Glen Kacher, founder and Chief Investment Officer of Light Street Capital, firmly asserts that the artificial intelligence investment trade remains "absolutely still intact," despite recent market volatility and investor scrutiny of mega-cap tech spending. Speaking with CNBC's Scott Wapner on "Closing Bell," Kacher underscored the undeniable surge in AI usage and revenue growth across leading platforms, while simultaneously highlighting the critical, yet unproven, path to sustained profitability for many players in the sector.
The bedrock of Kacher's conviction lies in the staggering growth metrics being reported by key AI innovators. He pointed to OpenAI’s revenue tripling for the third consecutive year, Anthropic’s impressive 8x to 9x year-over-year growth, and Google’s AI products also tripling their revenue annually. Furthermore, Google’s Gemini AI search overview has expanded from zero to over 50% coverage in the past year, with API calls surging 14x over the last 16 months. These figures, Kacher argues, unequivocally demonstrate that the "AI power is there," fueled by a demand that "is greatly exceeding supply" at current pricing models.

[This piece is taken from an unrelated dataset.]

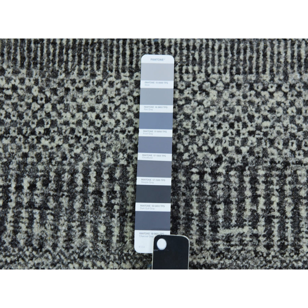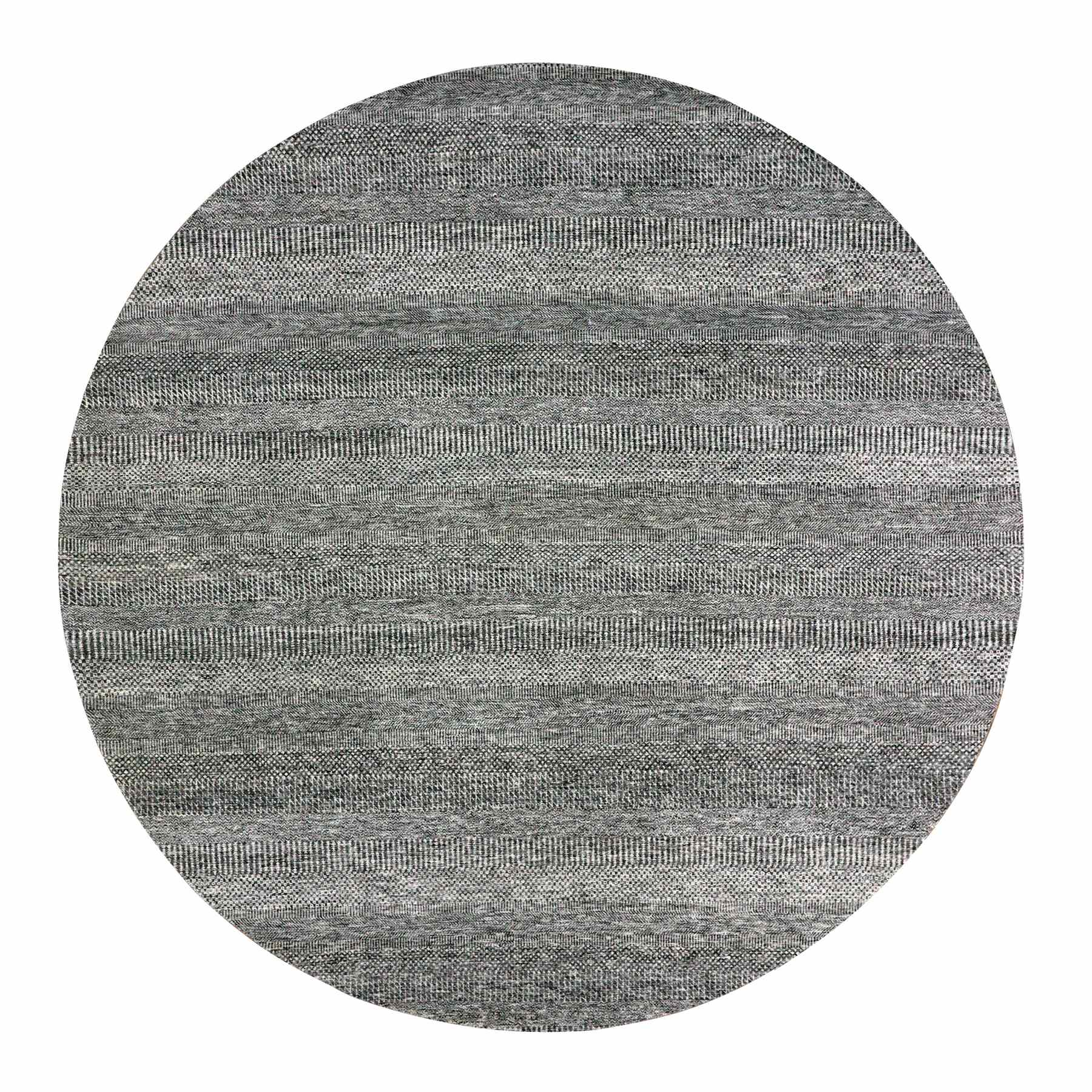 10'x10' Neutral And Anchor Gray, Tone On Tone, Undyed 100% Wool, Hand Knotted Modern Grass Design, Round Oriental Rug FWR478368

However, Kacher swiftly pivots to the essential challenge confronting the industry: converting this explosive demand into tangible, long-term profitability. "By the laws of accounting," he stated, "gross profit must eventually exceed OpEx and depreciation from CapEx in order to be profitable." He acknowledges that while demand is robust, revenue has not yet consistently surpassed costs for many entities. This crucial transition, proving profitability, must materialize over the next one to three years for the AI trade to fully mature and validate current valuations.